> _EXERCISE DIRECTIONS_:
No pictures, please. Output the lines from the start of the data through the line that contains "捷豹路虎中国引入跨行业营销人才出任市场营销负责人;自 12 月 1 日起,高嵩先", both included, exactly as they stand.

> _SUPPLIED INFORMATION_:

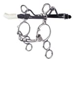The 3-ring combination bit has a noseband and chin strap incorporated into the bit and three rings as the shank; it is designed to distribute pressure in places other than, or in addition to the mouth, including the nose, poll and chin. You use the reins attached to the middle ring in order to ride more off nose pressure or the lower ring to use mouth pressure first and have stronger ‘brakes.’
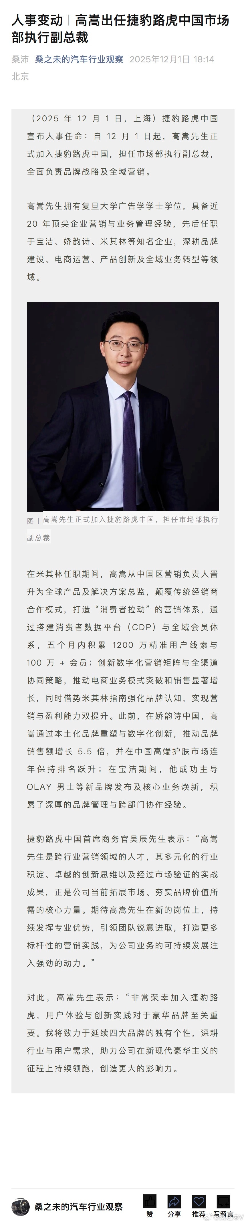 捷豹路虎中国引入跨行业营销人才出任市场营销负责人;自 12 月 1 日起,高嵩先
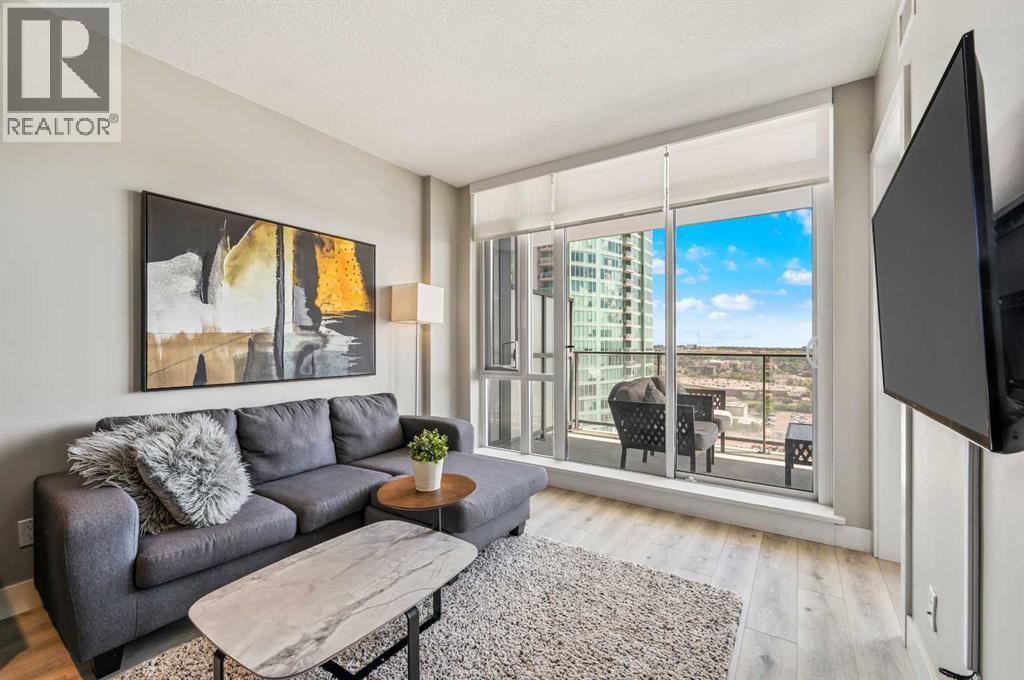 Welcome to elevated downtown living at The Guardian. Situated on the 18th floor, this thoughtfully designed 1-bedroom residence offers a smart, efficient layout that lives larger than its footprint—perfect for urban professionals, investors, or anyone craving a lock-and-leave lifestyle.The unit is fully furnished, making it an effortless move-in or turnkey investment. Clean lines, modern cabinetry, quartz countertops, and expansive floor-to-ceiling windows create a contemporary space filled with natural light and striking city views.Residents of The Guardian enjoy first-class amenities including a state-of-the-art fitness centre, residents’ lounge, concierge service, and secure building access. An assigned parking stall and storage locker—rare finds in the core—complete the package.Steps from Stampede Park, East Village, dining, shopping, and transit, this is downtown Calgary living at its best—stylish, convenient, and connected. (id:6769

> _THE ANSWER_:
The 3-ring combination bit has a noseband and chin strap incorporated into the bit and three rings as the shank; it is designed to distribute pressure in places other than, or in addition to the mouth, including the nose, poll and chin. You use the reins attached to the middle ring in order to ride more off nose pressure or the lower ring to use mouth pressure first and have stronger ‘brakes.’
 捷豹路虎中国引入跨行业营销人才出任市场营销负责人;自 12 月 1 日起,高嵩先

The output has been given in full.